Australian jazz singer (born 1977)

Emma Pask (born 1977) is an Australian jazz vocalist. She is best known for her work with big bands and her continuing collaboration with virtuoso James Morrison.

==Early life==
Pask grew up in Como, a suburb of Sydney. She attended Como Public School and Kirrawee High School.

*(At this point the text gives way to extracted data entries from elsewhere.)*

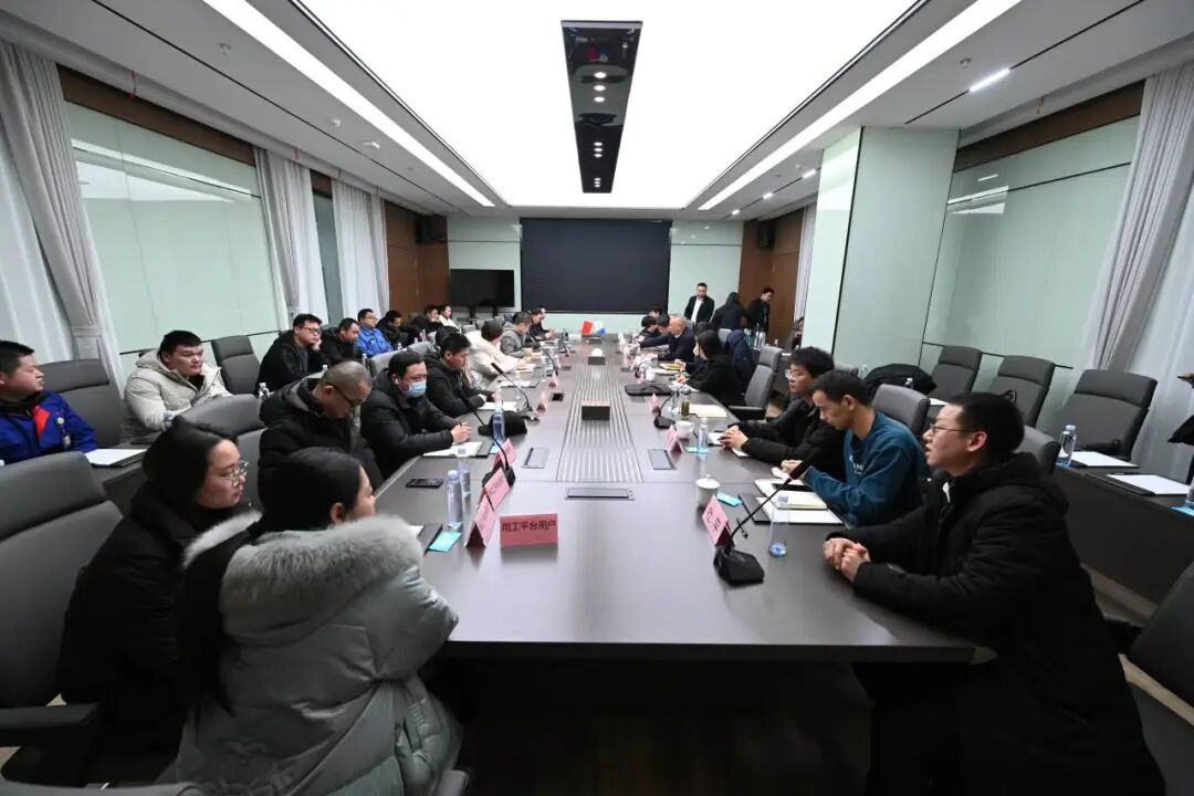 在超信集团会议中心,无锡安生技防智联技术有限公司负责人马裕辰汇报了“互联网+特种作业人员综合管理服务”系统建设试点工作情况,现场演示了公司研发的“锡芯焊”电焊智慧开关、“码上焊”电焊物联监测平台和无锡市熔化焊接与热切割作业用工服务平台的功能,并就电焊外包用工行业现状与未来规划进行交流讨论。
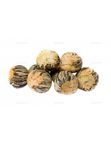 Связанный чай просто расцветает при заваривании букетом прекрасных хризантем. Напиток обладает прекрасным сочетанием вкуса зеленого чая и цветочного аромата. Богат витаминами и минералами, укрепляет нервную систему, стимулирует обмен веществ.
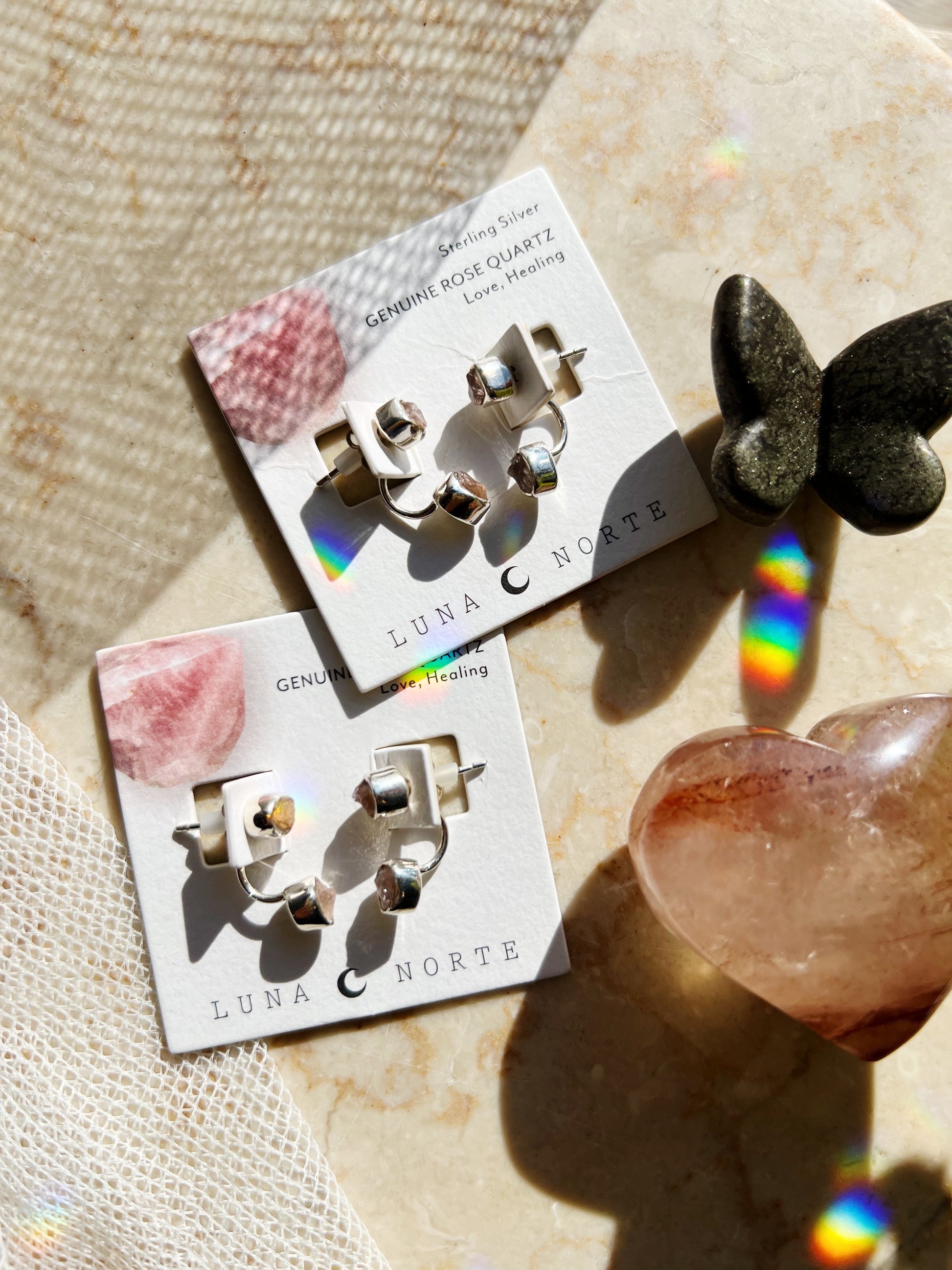 🌸 Double Trouble Øredobber – Rosenkvarts & Sterling Sølv 🌸
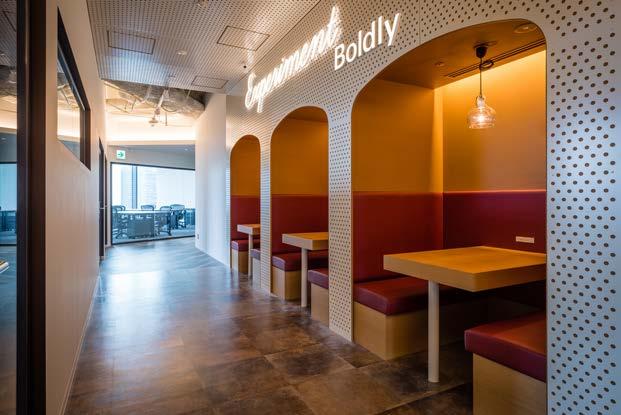 Furthermore, as for newly introduced functions of corridor areas, we created a common name ROJI CORNERS inspired by the Japanese traditional street character. Humans prefer hidden places and corners. In general many activities and communities are born in the “back alleys”. A ROJI CORNER becomes a hub of loose and accidental connections, and it is a place similar to the back alley which can be used in various ways such as working alone, relaxation or having casual meetings. A work style in which users move in various ways shows the possibility of PBW (project-based working) that works for each project, and is considered to be one of the spatial configurations that accelerate future innovation.
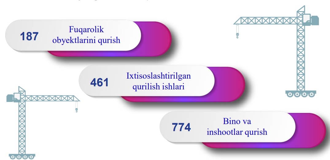 - ixtisoslashtirilgan qurilish ishlari yo‘nalishi 32,4 foiz ulushni tashkil etdi.
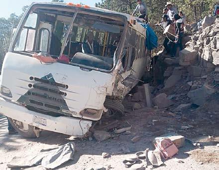 pasajeros perteneciente a la comunidad de San Bernardino de Milpillas Chico, que salió hacia dicha región en el amanecer de este jueves. Fue cerca de la localidad de Las Bayas donde el chofer perdió el control y sobrevino una colisión contra un talud de piedras, en la que varias personas resultaron lesionadas.
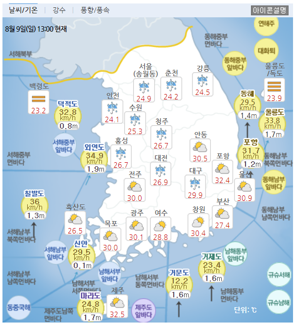 ▲ 9일 오후 1시 현재 전국 날씨 현황. [출처= 기상청] |
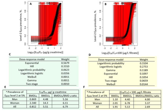 For the Ecr-adjusted datasets, the weight of the exponential model (0.5679) was the highest, followed by the Hill model (0.3310) (Figure 4C). Respective ECd/Ecr benchmarks for a 5% prevalence of Eβ2M/Ecr values ≥ 300 µg/g cr in men, women, and all subjects were 0.869, 2.340, and 0.812 µg/g cr (Figure 4E). The uncertainty indices for the ECd/Ecr benchmark estimates were 4, 14.3, and 5.51 for men, women, and all subjects, respectively.
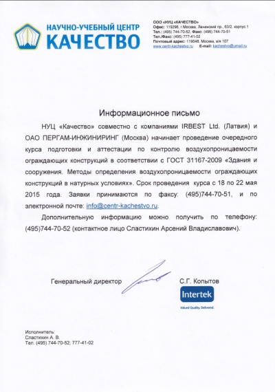Проводится набор заявок на подготовку и сертификацию специалистов по контролю воздухопроницаемости зданий и сооружений. Курс подготовки будет проходить с 18 по 22 мая 2015 года.

While singing with her high school band at 14, Pask was discovered by Morrison at a school performance in 1994 at 16. From then on, she has been the vocal feature of Morrison's bands. She also has a background in acting. In 1995, she undertook a one-year part-time course at the National Institute of Dramatic Art young actor's studio.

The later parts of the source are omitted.